= Assigned task =
Using the data that follows, give again word for word the lines between the one holding "根據(jù)本井鄰井儲(ch" and the one holding "真皮兩穿法設計T字釦軟皮輕量厚底樂福鞋 米*MOM* |", inclusive. Omit the pictures.

Data records
[Start of Attachment]

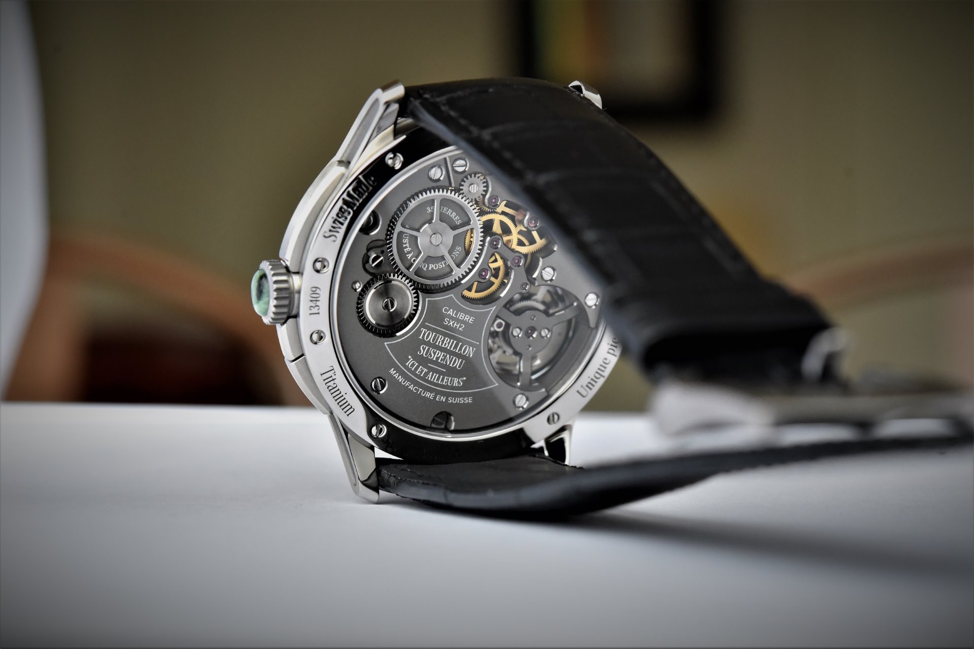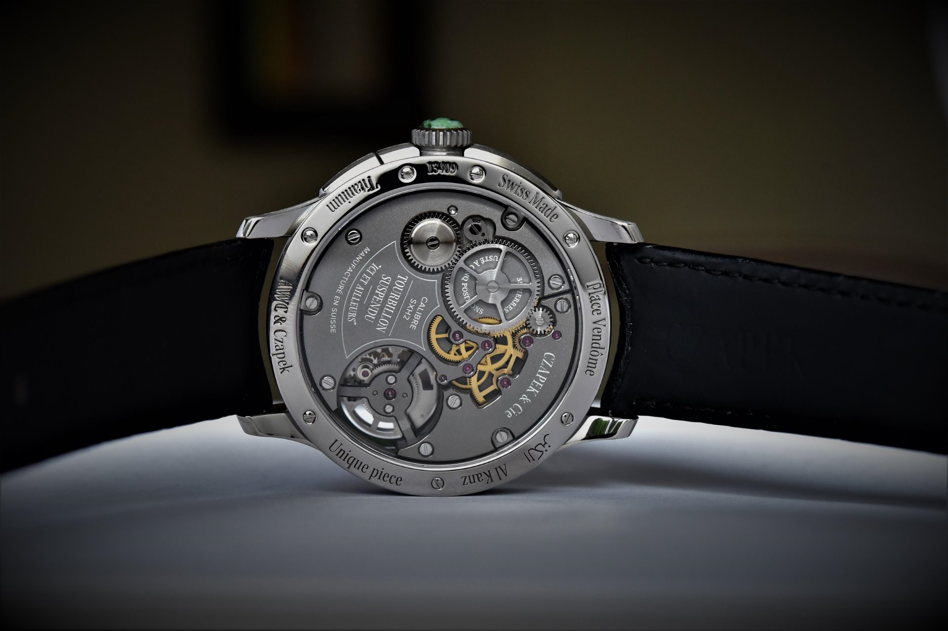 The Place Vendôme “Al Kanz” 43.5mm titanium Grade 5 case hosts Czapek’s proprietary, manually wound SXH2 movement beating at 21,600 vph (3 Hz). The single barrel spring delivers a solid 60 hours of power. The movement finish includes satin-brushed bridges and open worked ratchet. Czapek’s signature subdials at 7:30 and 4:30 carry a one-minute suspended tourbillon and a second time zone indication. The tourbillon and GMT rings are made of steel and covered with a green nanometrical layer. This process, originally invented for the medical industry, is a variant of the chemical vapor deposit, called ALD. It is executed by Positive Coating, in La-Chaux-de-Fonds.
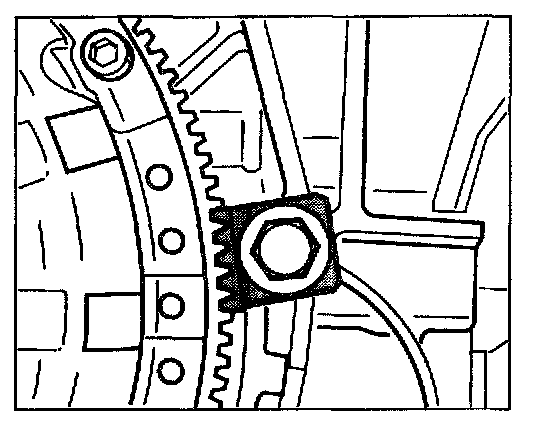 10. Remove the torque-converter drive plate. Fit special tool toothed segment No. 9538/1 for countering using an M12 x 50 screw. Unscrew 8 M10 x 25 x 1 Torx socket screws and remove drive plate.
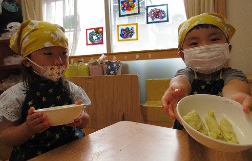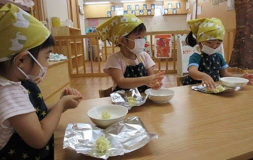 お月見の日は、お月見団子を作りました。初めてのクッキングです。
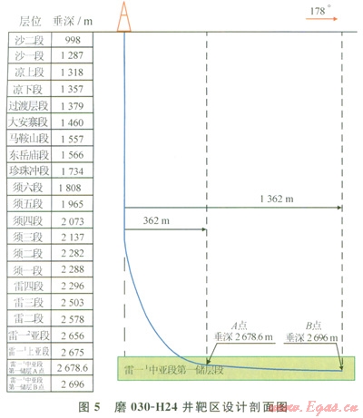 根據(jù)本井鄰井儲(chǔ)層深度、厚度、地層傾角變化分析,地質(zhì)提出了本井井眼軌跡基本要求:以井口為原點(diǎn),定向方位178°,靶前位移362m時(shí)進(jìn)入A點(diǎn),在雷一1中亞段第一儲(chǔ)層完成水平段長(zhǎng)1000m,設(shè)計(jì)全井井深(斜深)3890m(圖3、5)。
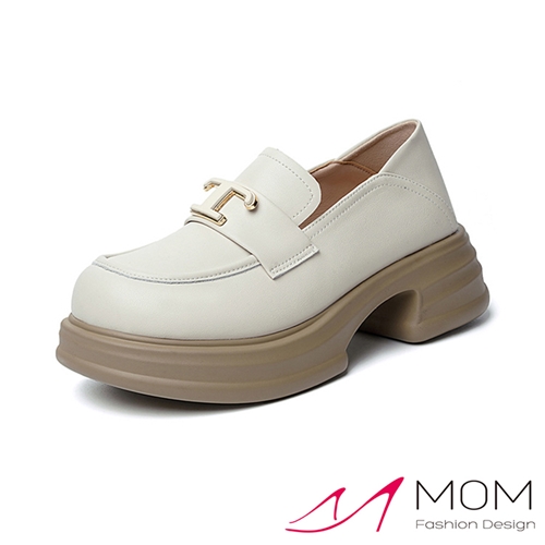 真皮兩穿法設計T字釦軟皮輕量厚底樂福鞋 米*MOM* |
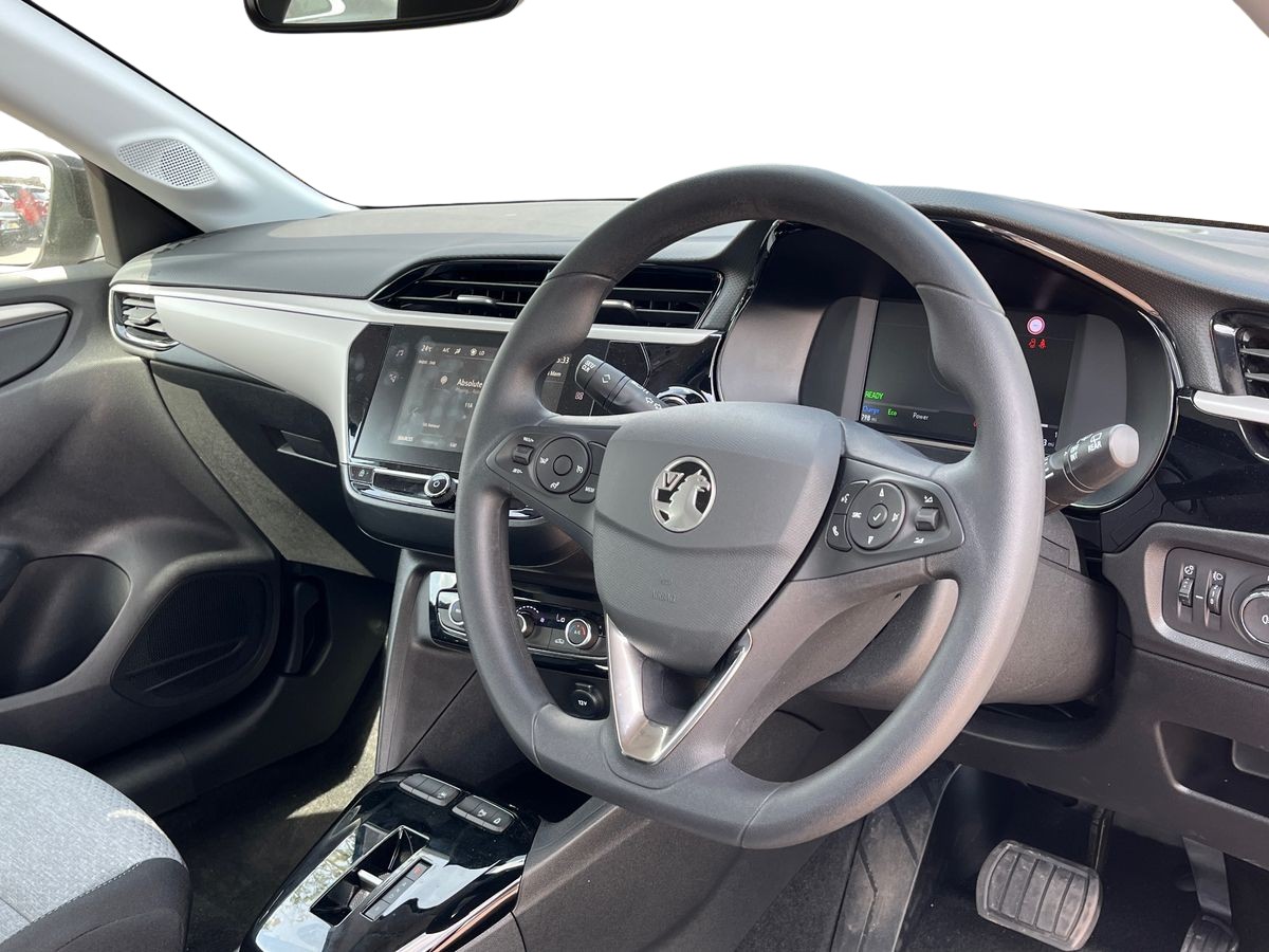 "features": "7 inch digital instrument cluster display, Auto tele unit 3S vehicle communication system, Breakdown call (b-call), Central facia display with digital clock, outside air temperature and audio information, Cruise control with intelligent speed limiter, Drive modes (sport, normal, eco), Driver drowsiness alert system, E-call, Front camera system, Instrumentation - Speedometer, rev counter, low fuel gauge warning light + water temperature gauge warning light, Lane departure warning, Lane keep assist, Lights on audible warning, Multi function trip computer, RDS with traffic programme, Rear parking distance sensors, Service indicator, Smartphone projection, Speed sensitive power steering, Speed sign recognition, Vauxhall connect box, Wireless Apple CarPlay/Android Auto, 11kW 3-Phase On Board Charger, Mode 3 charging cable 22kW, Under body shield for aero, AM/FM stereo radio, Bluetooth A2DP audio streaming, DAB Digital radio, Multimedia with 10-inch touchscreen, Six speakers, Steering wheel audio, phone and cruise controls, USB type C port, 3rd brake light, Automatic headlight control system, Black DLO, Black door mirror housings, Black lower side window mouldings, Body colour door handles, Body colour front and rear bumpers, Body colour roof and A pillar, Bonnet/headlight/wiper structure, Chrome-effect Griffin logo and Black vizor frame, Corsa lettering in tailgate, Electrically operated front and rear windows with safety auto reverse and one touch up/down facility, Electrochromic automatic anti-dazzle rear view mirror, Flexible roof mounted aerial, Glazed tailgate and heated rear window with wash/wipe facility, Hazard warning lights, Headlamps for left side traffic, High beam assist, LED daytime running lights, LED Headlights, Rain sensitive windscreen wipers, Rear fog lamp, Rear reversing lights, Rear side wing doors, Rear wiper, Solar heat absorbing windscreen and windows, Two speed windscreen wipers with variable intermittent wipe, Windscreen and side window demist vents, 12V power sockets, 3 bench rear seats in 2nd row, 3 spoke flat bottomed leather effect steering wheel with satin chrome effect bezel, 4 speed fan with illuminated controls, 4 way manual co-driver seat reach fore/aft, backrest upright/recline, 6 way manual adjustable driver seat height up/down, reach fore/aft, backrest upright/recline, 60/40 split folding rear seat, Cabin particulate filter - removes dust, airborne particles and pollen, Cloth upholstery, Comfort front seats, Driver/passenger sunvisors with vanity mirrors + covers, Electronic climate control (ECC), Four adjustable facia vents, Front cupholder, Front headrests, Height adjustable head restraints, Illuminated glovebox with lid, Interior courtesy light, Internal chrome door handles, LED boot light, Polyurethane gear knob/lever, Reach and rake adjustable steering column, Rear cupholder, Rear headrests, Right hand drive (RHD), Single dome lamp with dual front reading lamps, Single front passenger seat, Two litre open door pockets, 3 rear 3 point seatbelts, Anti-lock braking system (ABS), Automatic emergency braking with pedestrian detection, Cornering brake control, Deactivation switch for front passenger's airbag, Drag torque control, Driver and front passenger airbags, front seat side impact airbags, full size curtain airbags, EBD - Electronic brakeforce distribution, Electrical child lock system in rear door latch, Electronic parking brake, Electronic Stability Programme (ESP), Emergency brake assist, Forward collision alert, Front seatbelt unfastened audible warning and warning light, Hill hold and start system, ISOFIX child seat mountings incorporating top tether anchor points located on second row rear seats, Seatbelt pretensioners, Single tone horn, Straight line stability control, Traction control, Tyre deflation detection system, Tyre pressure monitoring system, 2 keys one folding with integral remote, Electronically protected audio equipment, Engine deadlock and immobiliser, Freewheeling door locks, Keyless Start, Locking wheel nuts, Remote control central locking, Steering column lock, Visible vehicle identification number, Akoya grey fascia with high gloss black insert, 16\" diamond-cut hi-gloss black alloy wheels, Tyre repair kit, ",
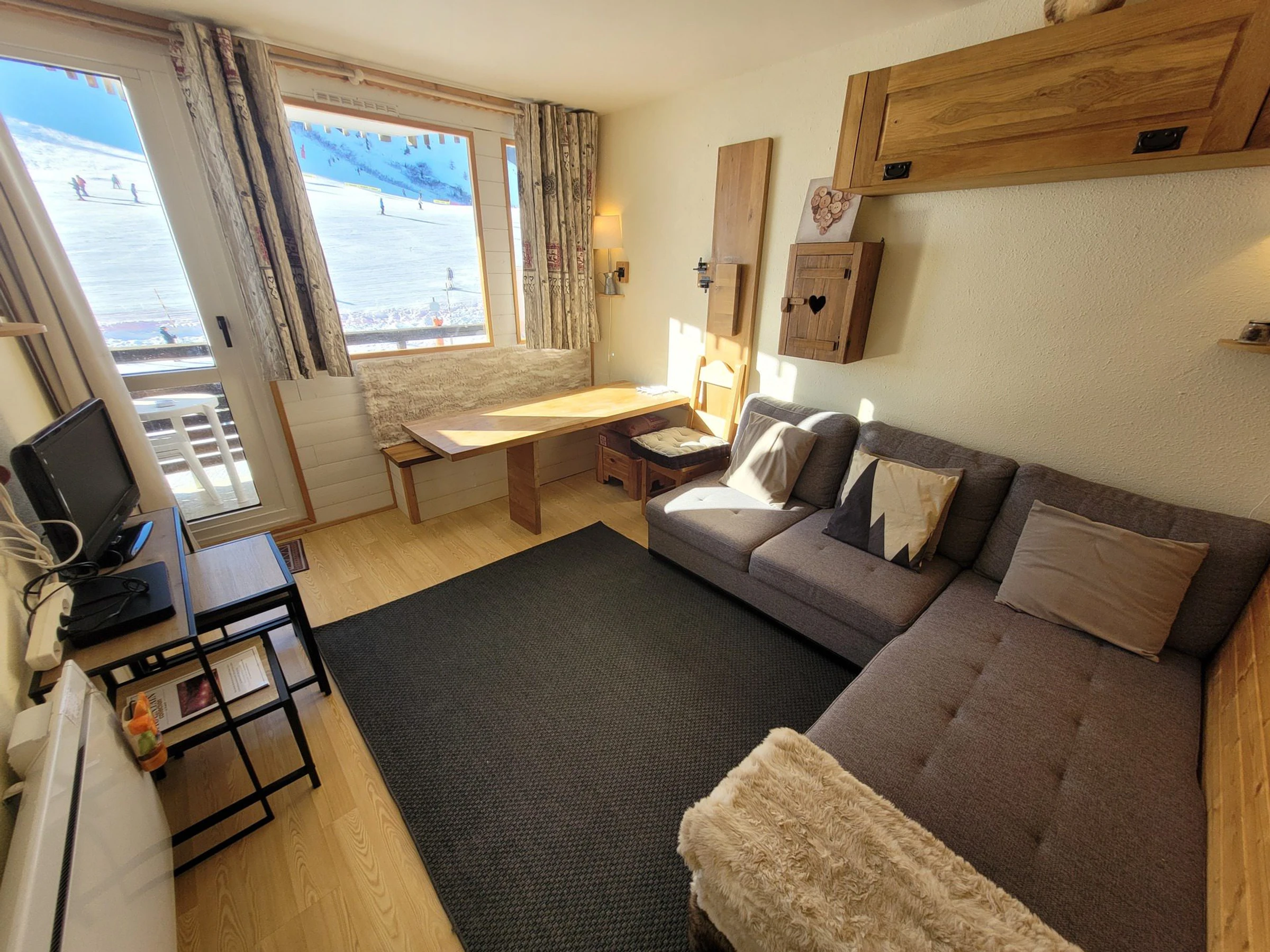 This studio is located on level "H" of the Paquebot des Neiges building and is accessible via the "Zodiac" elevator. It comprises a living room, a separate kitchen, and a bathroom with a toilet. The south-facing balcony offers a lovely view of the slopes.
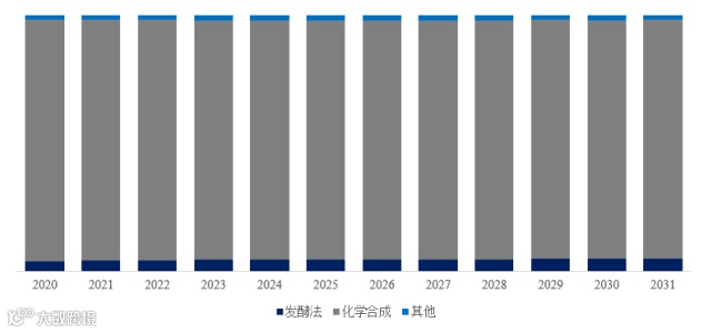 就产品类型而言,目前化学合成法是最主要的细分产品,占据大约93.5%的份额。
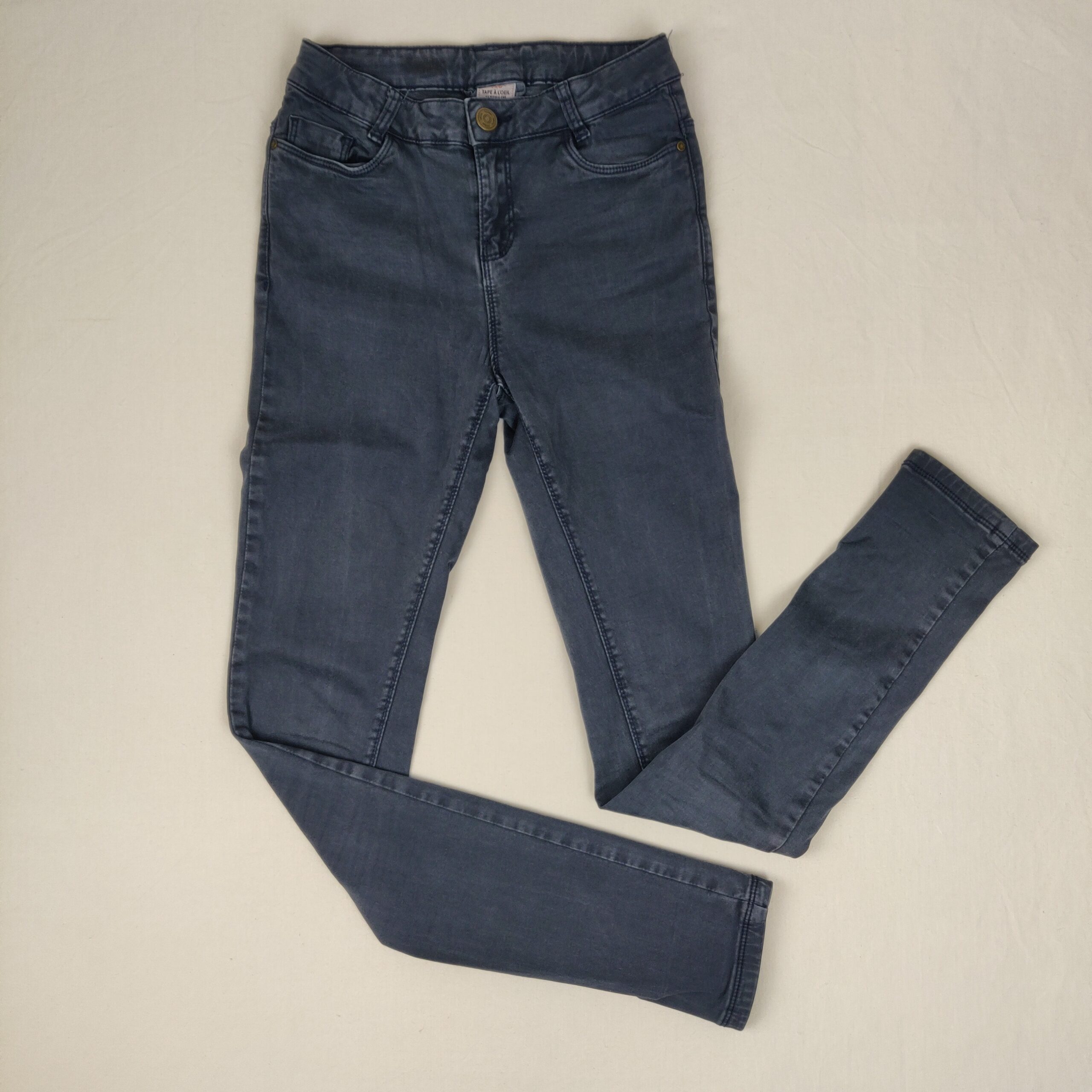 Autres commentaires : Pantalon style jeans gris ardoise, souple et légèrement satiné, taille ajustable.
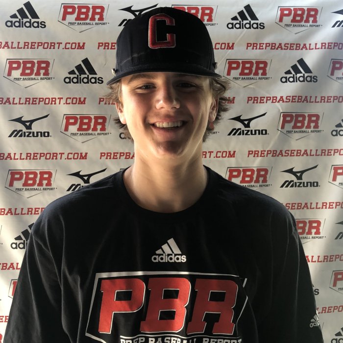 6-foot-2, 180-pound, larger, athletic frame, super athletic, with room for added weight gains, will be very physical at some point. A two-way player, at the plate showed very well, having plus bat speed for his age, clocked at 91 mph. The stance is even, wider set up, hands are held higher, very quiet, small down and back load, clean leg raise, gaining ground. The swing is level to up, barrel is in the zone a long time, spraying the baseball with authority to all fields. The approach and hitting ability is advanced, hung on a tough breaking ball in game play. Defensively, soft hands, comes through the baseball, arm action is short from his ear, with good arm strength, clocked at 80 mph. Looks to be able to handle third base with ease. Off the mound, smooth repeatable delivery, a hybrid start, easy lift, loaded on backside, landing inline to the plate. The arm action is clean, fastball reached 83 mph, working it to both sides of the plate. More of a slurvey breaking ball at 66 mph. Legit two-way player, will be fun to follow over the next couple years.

[End of Attachment]

= Answer to this problem =
 根據(jù)本井鄰井儲(chǔ)層深度、厚度、地層傾角變化分析,地質(zhì)提出了本井井眼軌跡基本要求:以井口為原點(diǎn),定向方位178°,靶前位移362m時(shí)進(jìn)入A點(diǎn),在雷一1中亞段第一儲(chǔ)層完成水平段長(zhǎng)1000m,設(shè)計(jì)全井井深(斜深)3890m(圖3、5)。
 真皮兩穿法設計T字釦軟皮輕量厚底樂福鞋 米*MOM* |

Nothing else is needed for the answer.